- [EXERCISE DETAILS] An exact copy, beginning at the line containing "GRAVATS AVEC CHAÎNES." and ending at the final line of the records that follow, is the answer; it has no pictures and no other text.

Segment Open

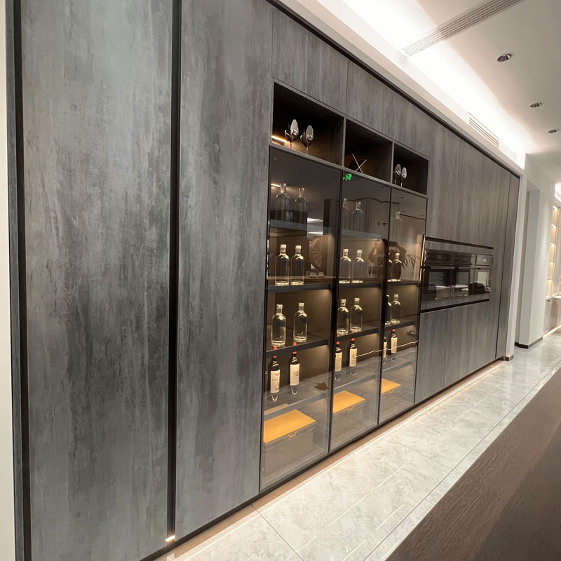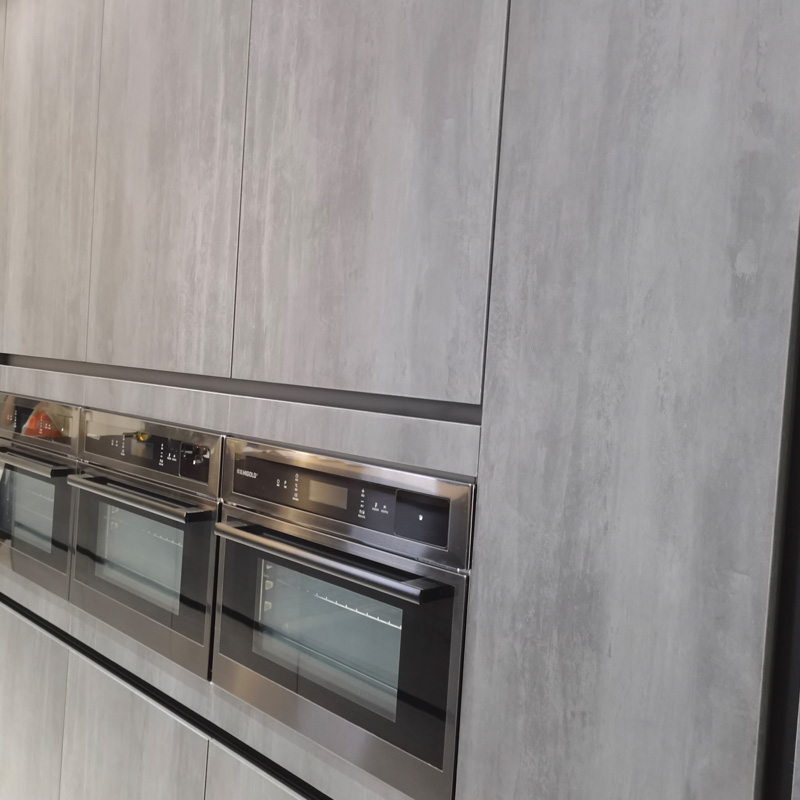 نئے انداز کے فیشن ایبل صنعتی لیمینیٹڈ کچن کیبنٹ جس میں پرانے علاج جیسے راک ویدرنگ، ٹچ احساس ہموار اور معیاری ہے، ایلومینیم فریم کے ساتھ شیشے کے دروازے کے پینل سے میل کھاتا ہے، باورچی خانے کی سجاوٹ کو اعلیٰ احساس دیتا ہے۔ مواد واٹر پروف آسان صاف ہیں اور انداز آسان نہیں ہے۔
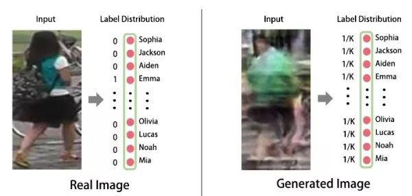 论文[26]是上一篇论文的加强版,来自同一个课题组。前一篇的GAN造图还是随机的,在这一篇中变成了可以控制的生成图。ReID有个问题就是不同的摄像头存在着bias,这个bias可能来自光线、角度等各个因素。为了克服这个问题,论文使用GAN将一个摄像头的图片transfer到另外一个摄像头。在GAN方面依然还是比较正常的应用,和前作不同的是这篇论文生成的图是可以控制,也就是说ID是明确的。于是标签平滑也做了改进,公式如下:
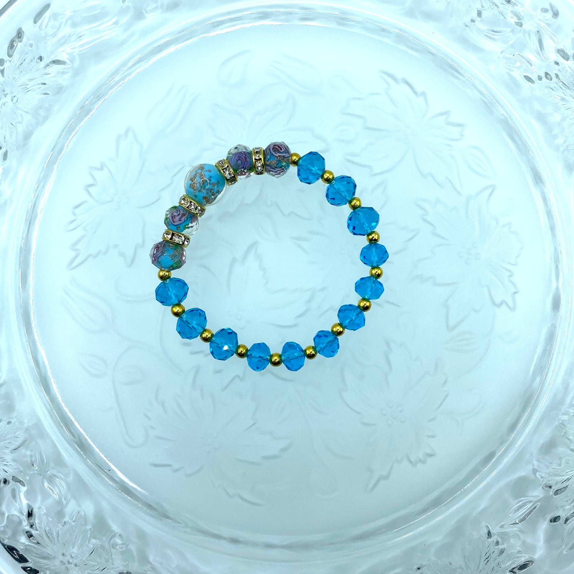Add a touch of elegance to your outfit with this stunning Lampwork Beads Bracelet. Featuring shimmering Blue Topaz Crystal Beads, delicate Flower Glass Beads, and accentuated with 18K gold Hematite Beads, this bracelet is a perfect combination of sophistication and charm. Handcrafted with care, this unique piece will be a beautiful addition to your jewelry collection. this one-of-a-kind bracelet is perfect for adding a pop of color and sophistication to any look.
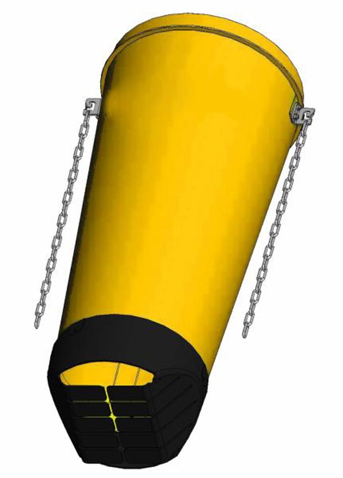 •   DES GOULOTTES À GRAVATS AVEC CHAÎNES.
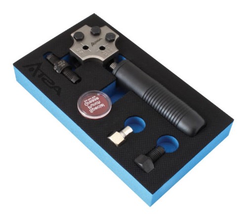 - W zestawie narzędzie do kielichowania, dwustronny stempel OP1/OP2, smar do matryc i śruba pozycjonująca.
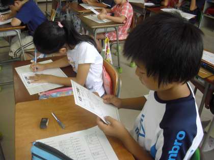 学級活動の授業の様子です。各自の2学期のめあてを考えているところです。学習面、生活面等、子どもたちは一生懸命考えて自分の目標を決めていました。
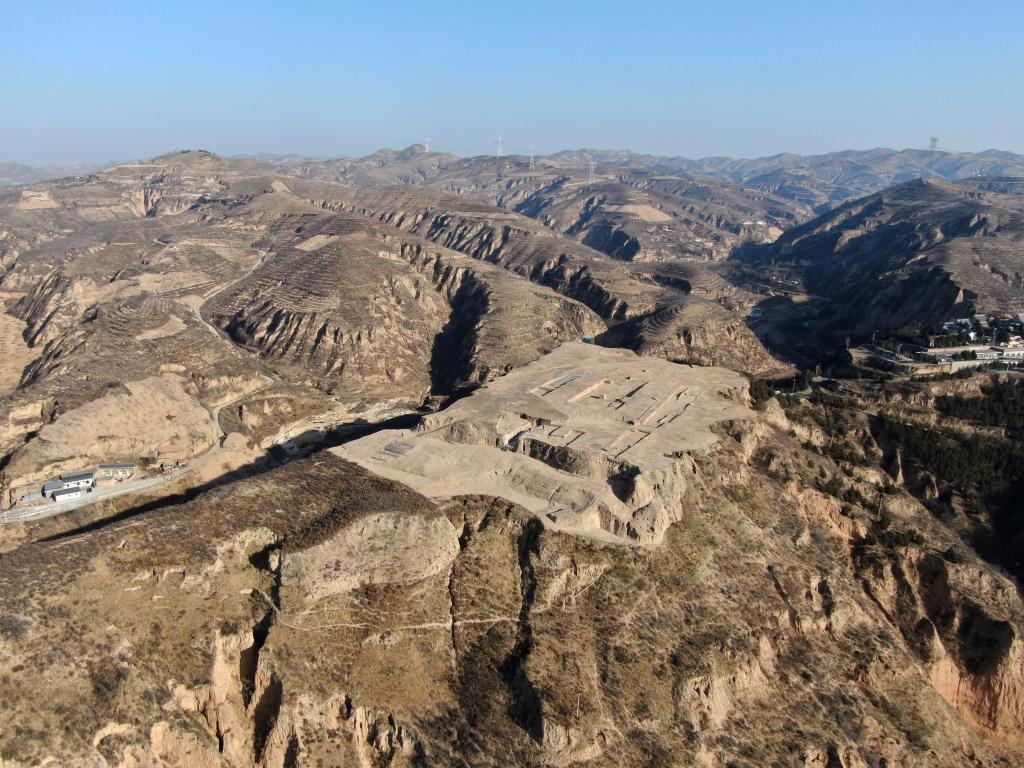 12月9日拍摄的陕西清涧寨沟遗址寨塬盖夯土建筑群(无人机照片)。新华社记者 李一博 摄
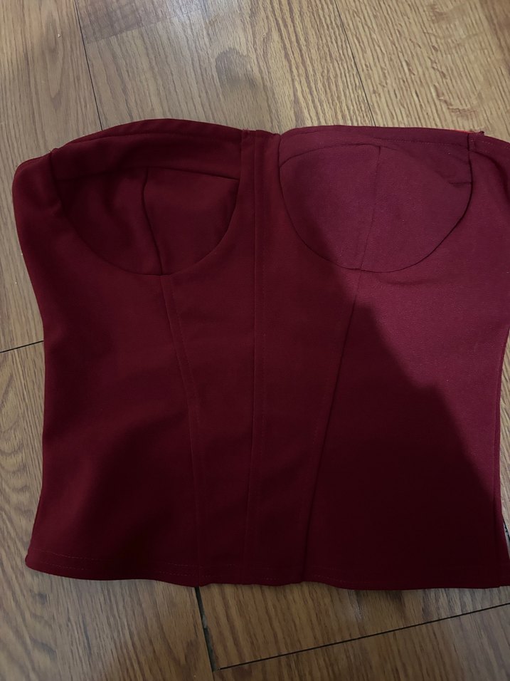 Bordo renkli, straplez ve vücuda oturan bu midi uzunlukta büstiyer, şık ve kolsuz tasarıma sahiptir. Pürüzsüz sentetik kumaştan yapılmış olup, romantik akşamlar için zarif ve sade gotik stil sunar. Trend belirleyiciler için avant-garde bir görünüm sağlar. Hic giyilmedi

Segment Closed

- [RESPONSE]
 •   DES GOULOTTES À GRAVATS AVEC CHAÎNES.
 - W zestawie narzędzie do kielichowania, dwustronny stempel OP1/OP2, smar do matryc i śruba pozycjonująca.
 学級活動の授業の様子です。各自の2学期のめあてを考えているところです。学習面、生活面等、子どもたちは一生懸命考えて自分の目標を決めていました。
 12月9日拍摄的陕西清涧寨沟遗址寨塬盖夯土建筑群(无人机照片)。新华社记者 李一博 摄
 Bordo renkli, straplez ve vücuda oturan bu midi uzunlukta büstiyer, şık ve kolsuz tasarıma sahiptir. Pürüzsüz sentetik kumaştan yapılmış olup, romantik akşamlar için zarif ve sade gotik stil sunar. Trend belirleyiciler için avant-garde bir görünüm sağlar. Hic giyilmedi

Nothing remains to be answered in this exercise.